The defining feature is descent. The first age is whole — dharma, the moral and cosmic order, stands as if on four legs — and each age that follows loses one, so that righteousness, lifespan, and human stature diminish step by step. The tradition gives this image a body: dharma is pictured as a bull, standing four-square in the Satya Yuga and losing a leg in each age that follows — three legs in the Treta, two in the Dvapara, and in the Kali a single trembling leg. The four legs are traditionally named the supports of righteousness — tapas, austerity; shauca, purity; daya, compassion; satya, truth — withdrawn one by one as the world coarsens.
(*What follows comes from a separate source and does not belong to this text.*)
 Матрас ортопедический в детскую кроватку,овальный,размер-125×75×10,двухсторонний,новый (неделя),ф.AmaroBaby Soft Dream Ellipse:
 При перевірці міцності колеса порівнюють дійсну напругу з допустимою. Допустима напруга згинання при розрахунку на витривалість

By the fourth age, the Kali Yuga, dharma stands on that one leg: this is the age of strife, the shortest and the worst, and Hindu reckoning generally places the present within it, dated by tradition from a point shortly after the close of the Mahabharata war.
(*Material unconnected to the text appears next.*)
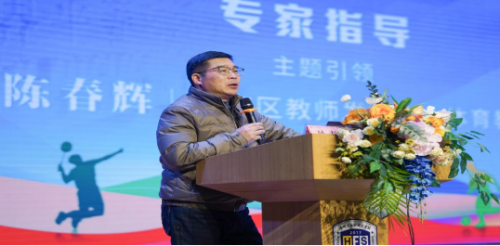 活动尾声,瓯海区体育教研员陈春辉老师进行总结引领。他首先澄清了一线教师对课标中 “运动能力” 的常见误解,强调运动能力是学生在情境中解决问题的综合能力,而非单纯的动作技能;随后深度解读 “大单元教学” 内涵,指出其核心是围绕核心素养的结构化课程设计,而非课时的简单叠加;最后结合省版 4.0 教案,从目标设定、环节设计到评价方式,为教师提供了清晰的实践路径。陈老师鼓励全体参与教师深耕课堂、勇于创新,切实推动 “三有四化” 理念落地,提升区域体育教学质量与实效。

The arithmetic is exact and vast. By Puranic reckoning each age is measured in divine years — one divine year being three hundred and sixty human ones — and the four stand in a ratio of four to three to two to one, so that the cycle shortens as it darkens. In human years the figures run from the Satya Yuga’s 1,728,000, through the Treta’s 1,296,000 and the Dvapara’s 864,000, to the Kali Yuga’s 432,000; every span is built from that last number, the smallest unit of the world’s decline. The four together make a mahayuga of 4,320,000 human years. Each age is bracketed, further, by a dawn and a dusk — the sandhya periods, a tenth of the age at either end — as though the tradition would not let even an epoch begin or close without a threshold.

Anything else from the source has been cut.